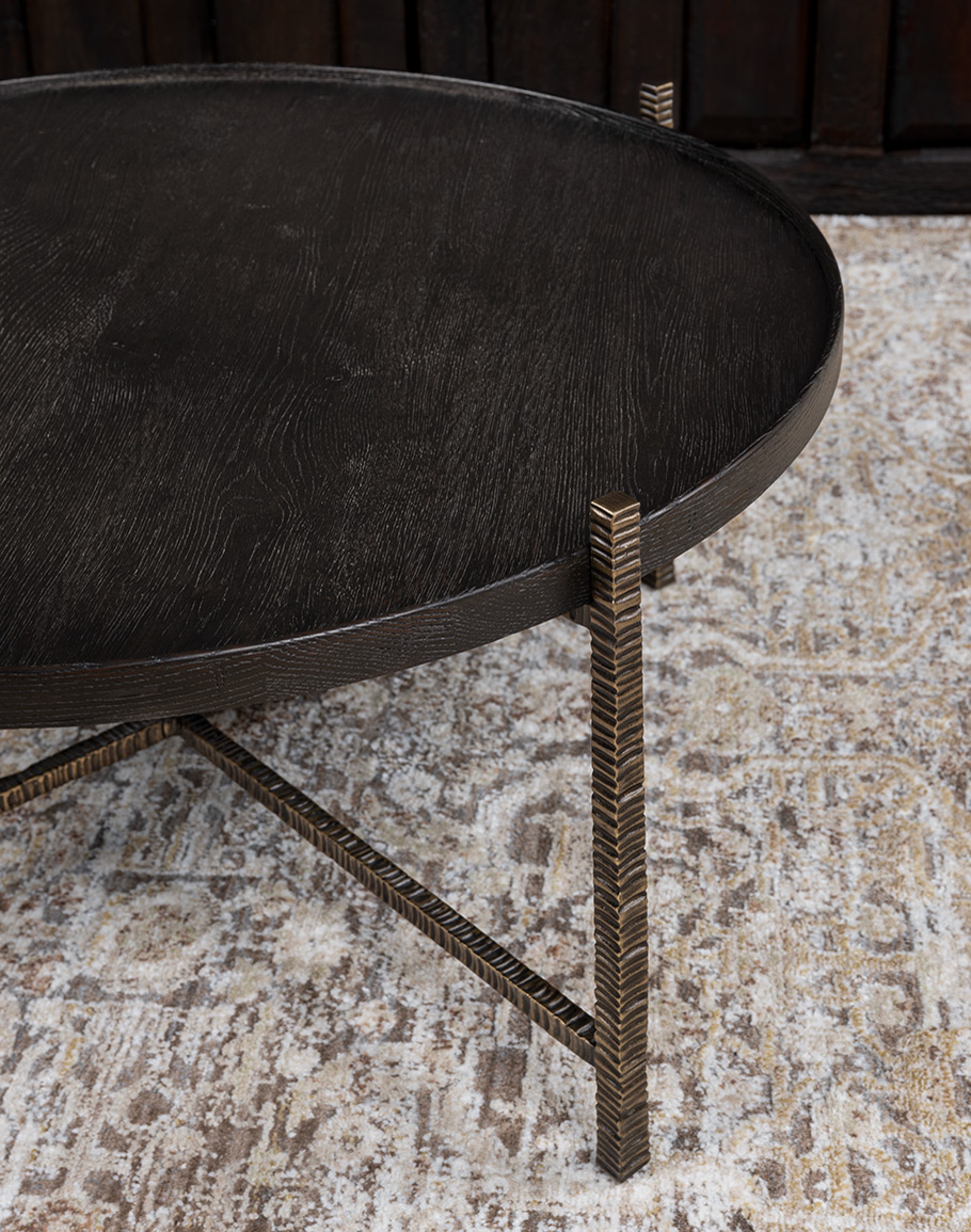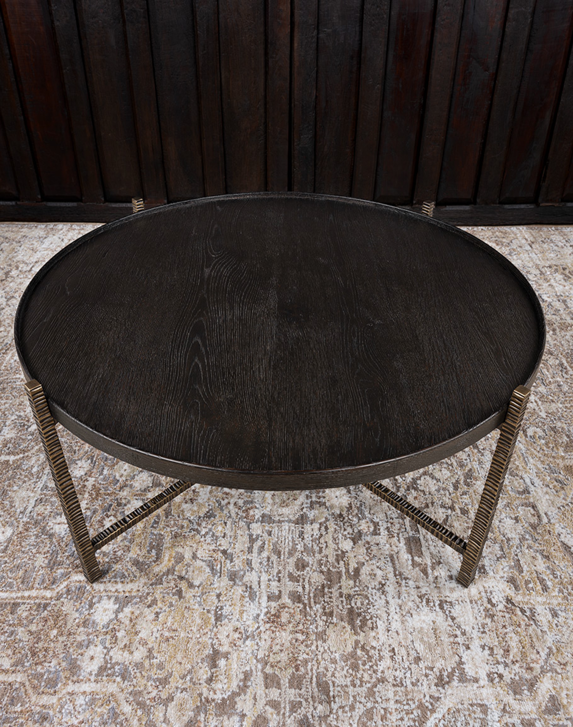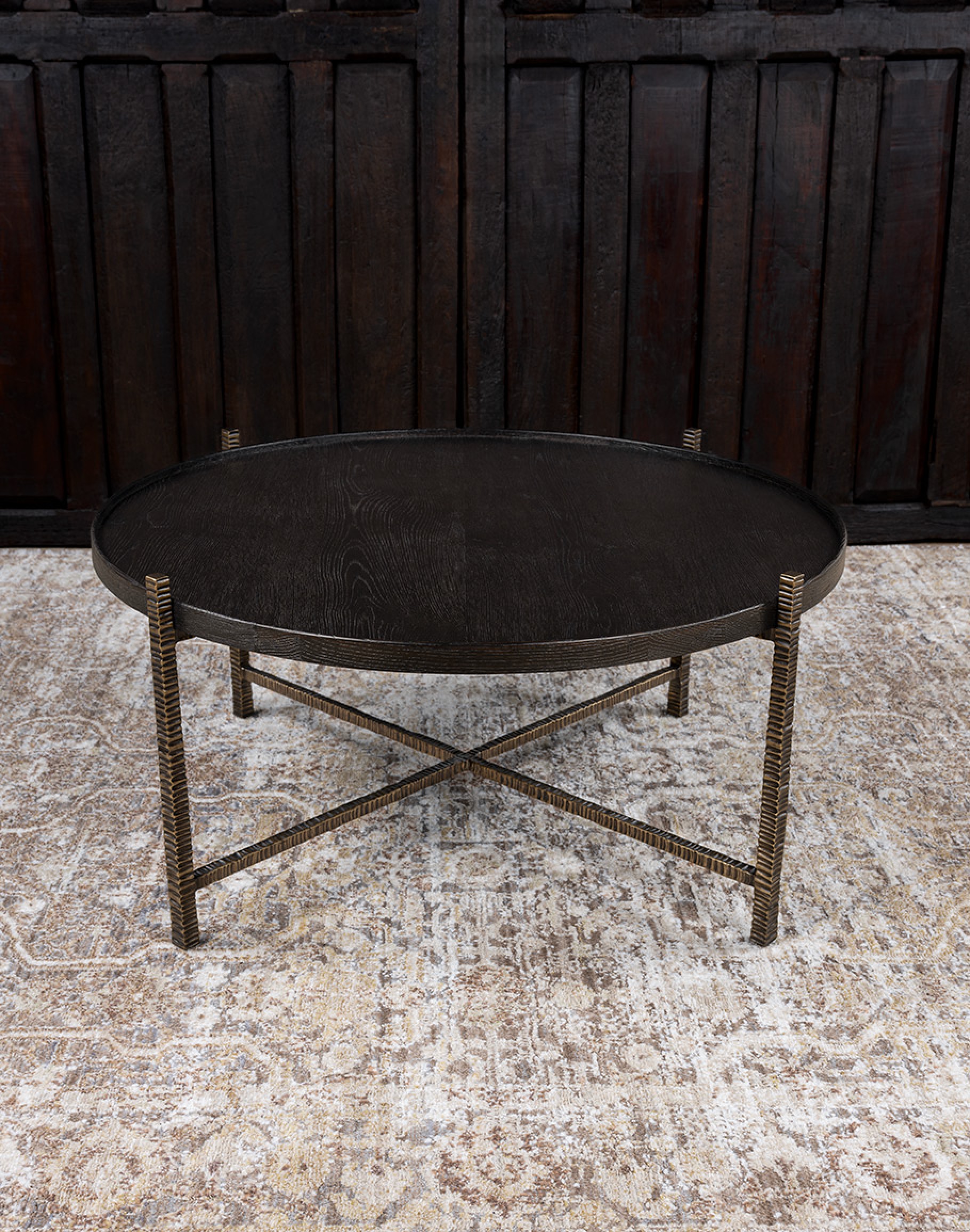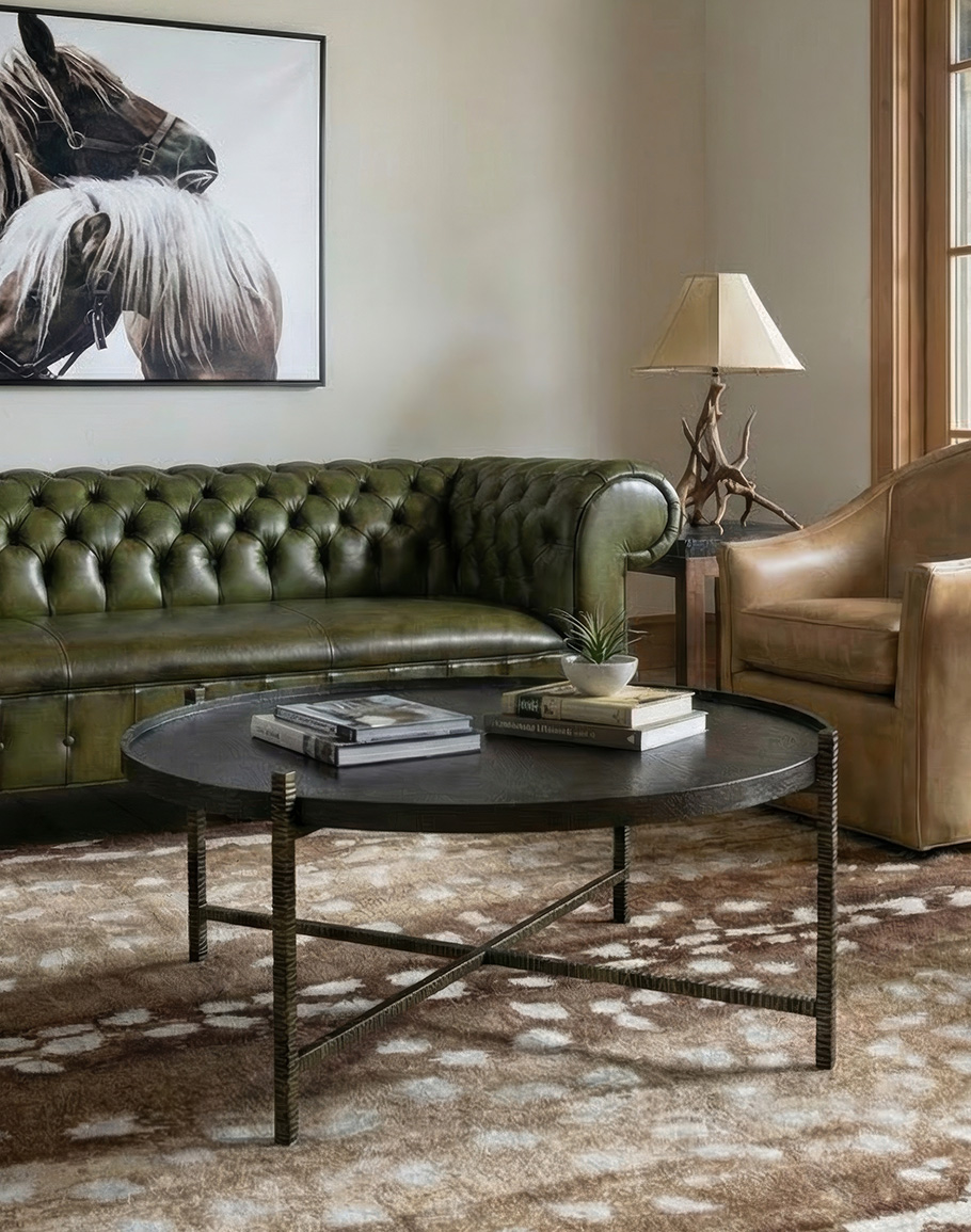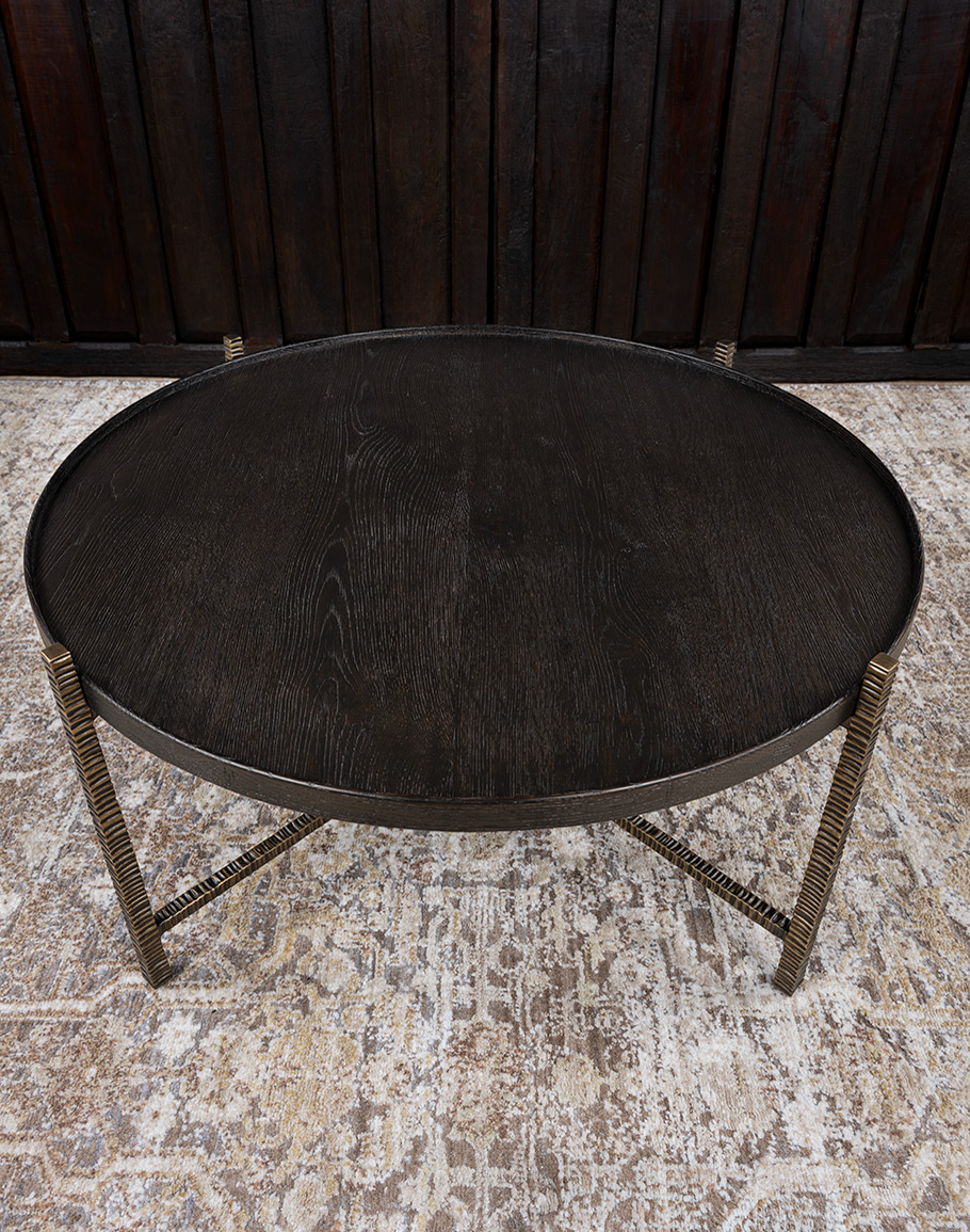 The interplay of materials—natural wood and sculpted metal—gives this cafe cocktail table a bold yet versatile character. Its clean round profile softens the strong metal lines, making it ideal for both contemporary and transitional interiors. At Adobe Interiors, we create the furniture, and you create the memories.
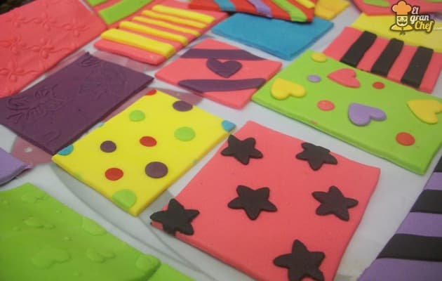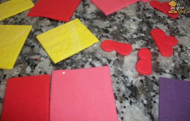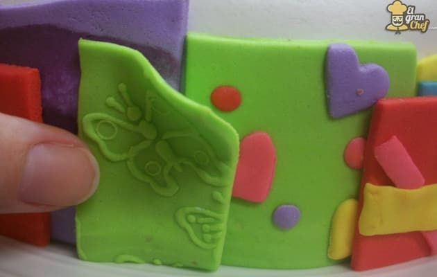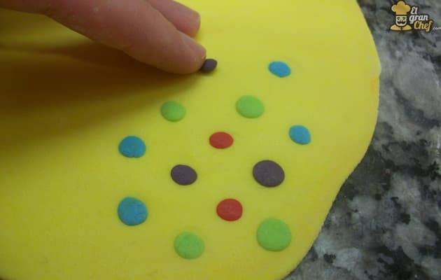 Otra opción de diseño de paquete es estirar la masa y colocar círculos de colores para que parezca un papel de regalo con lunares. Los colocamos a presión y finalmente rodamos el palo de amasar por encima para que queden adheridos.
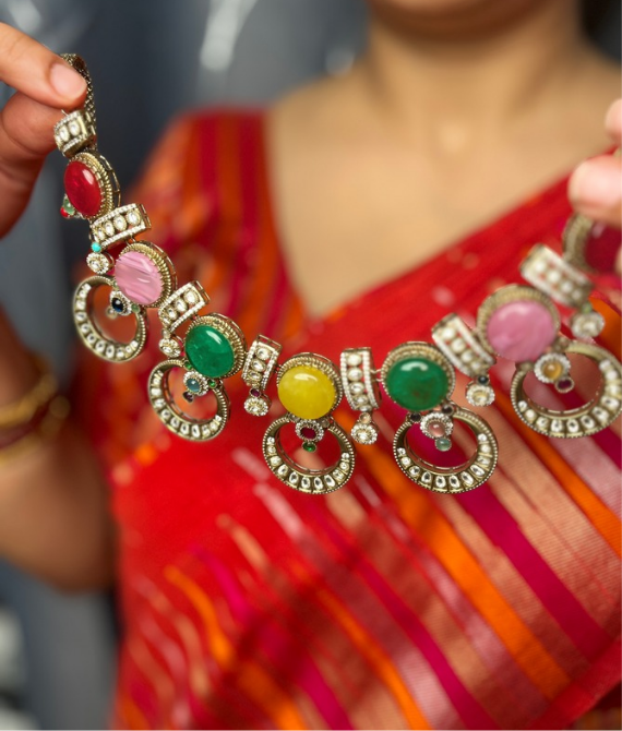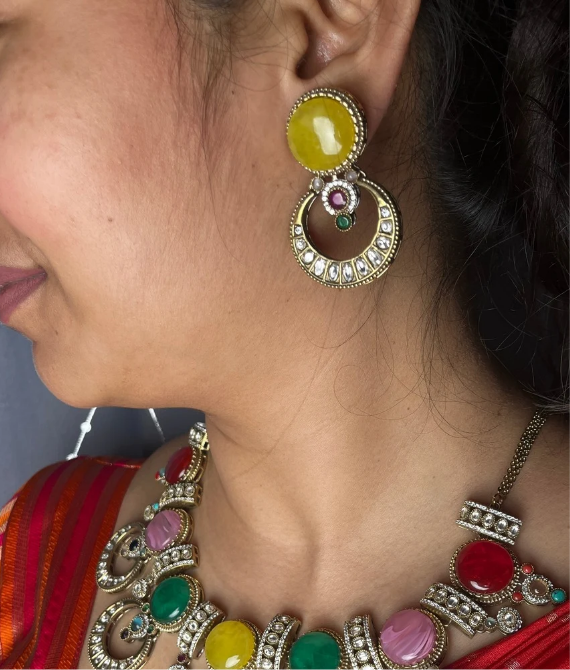 Adorned with bold cabochon stones in rich hues of emerald green, ruby red, sunshine yellow, and blush pink, each element is delicately set in antique gold polish. The crescent (chand) motifs embellished with kundan detailing and fine pearls add a Mughal-era charm, making it a perfect heirloom-style piece.
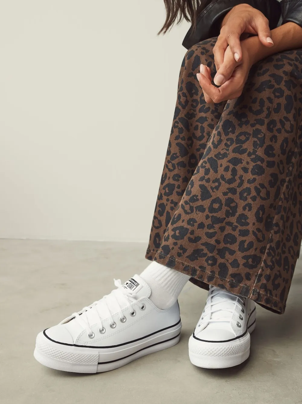 UP HIGH. A premium, leather upper elevates the iconic, low-top look, while a double-stacked sole takes it higher. With classic touches, like a woven ‘All Star’ tongue label, plus a license plate on the heel. EVA cushioning keeps it comfortable. Get lifted. Featuring leather upper, elevated platform sole for added height and lace-up style for an adjustable fit. Upper – Textile, Lining and Sock – Textile, Sole – Other Materials.
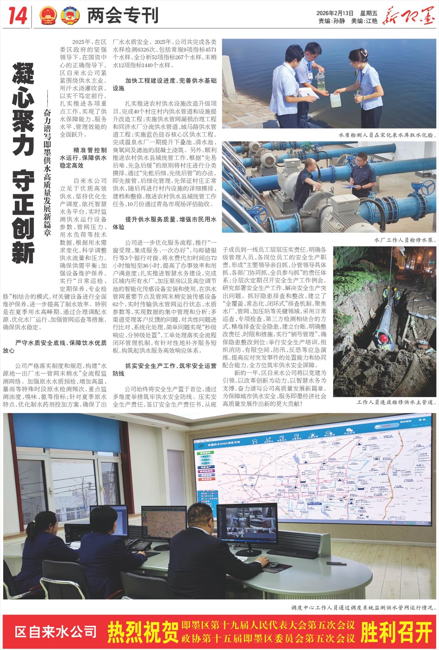 2025年,在区委区政府的坚强领导下,在国资中心的正确指导下,区自来水公司紧紧围绕供水主业,用汗水浇灌收获,以实干笃定前行,扎实推进各项重点工作,实现了供水保障能力、服务水平、管理效能的全面跃升。
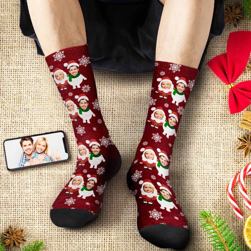 Custom Face Socks Personalised Christmas Shorts With Photo Santa and Snowman
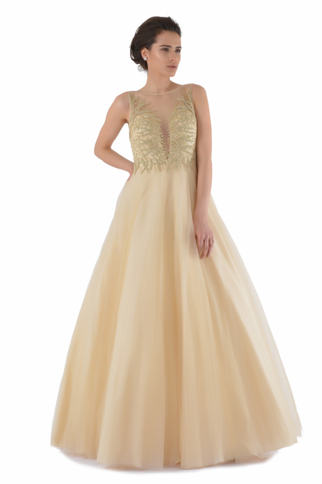 Kalın Askılı Göğsü Hayalet Tüllü Üstü İşlemeli Sırt Dekolteli Kabarık Gece Elbisesi
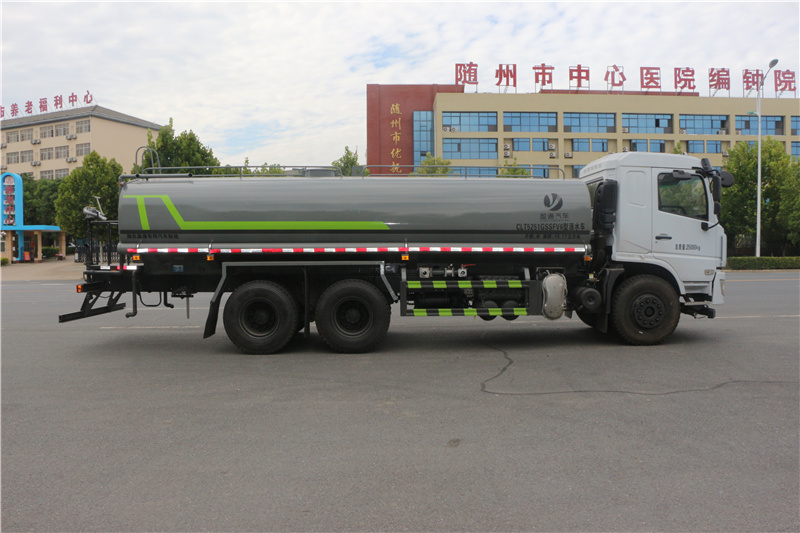 東風專底D3L灑水車_東風專底20方灑水車_湖北盈通專用汽車有限公司該車主要用于城鄉園林綠化,路面噴灑,除塵和降溫;主要裝置為水罐及噴灑裝置;隨底盤選裝駕駛室;罐體有效容積:15.17立方米;罐體外形尺寸(×長軸×短軸)(mm):6900×2370×1360;側后防護情況:側、后防護材料均為:Q235碳鋼,連接方式均為:螺栓連接,后部防護截面尺寸(mm):120×50,后部防護離地高度(mm):460;ABS型號/生成廠家:3631010-C2000/東科克諾爾商用車制動系統(十堰)有限公司。選裝附件布局。
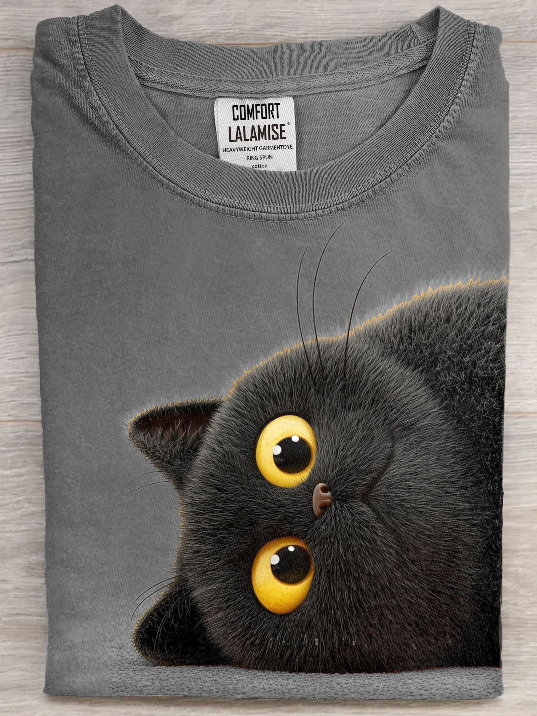 Funny Black Cat Art Print Casual Short Sleeve T-shirt
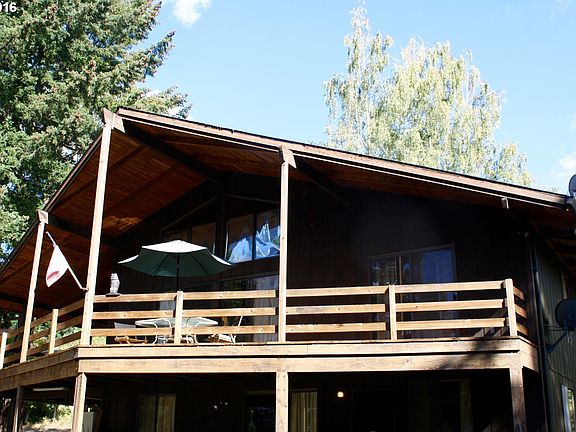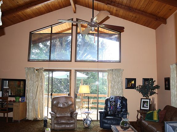 Location! Close in acreage w/future development potential.Charming chalet style home w/cathedral ceilings, exposed beams, rock fireplace, mstr on main w/laminate flr &Continental bath.Kitchen w/ Alder cabinets, island and dining area, loft above for office, big deck overlooks private setting. daylite lwr lvl w/bedrm, fam rm and brick fireplace, patio. 2 stall barn w/concrete floors and power, some fencing. Needs your designer touches!

---+---

Task goal>
Transcribe the entries above exactly, from their first line through the line with "Adorned with bold", and omit all pictures.

Response for this exercise>
 The interplay of materials—natural wood and sculpted metal—gives this cafe cocktail table a bold yet versatile character. Its clean round profile softens the strong metal lines, making it ideal for both contemporary and transitional interiors. At Adobe Interiors, we create the furniture, and you create the memories.
 Otra opción de diseño de paquete es estirar la masa y colocar círculos de colores para que parezca un papel de regalo con lunares. Los colocamos a presión y finalmente rodamos el palo de amasar por encima para que queden adheridos.
 Adorned with bold cabochon stones in rich hues of emerald green, ruby red, sunshine yellow, and blush pink, each element is delicately set in antique gold polish. The crescent (chand) motifs embellished with kundan detailing and fine pearls add a Mughal-era charm, making it a perfect heirloom-style piece.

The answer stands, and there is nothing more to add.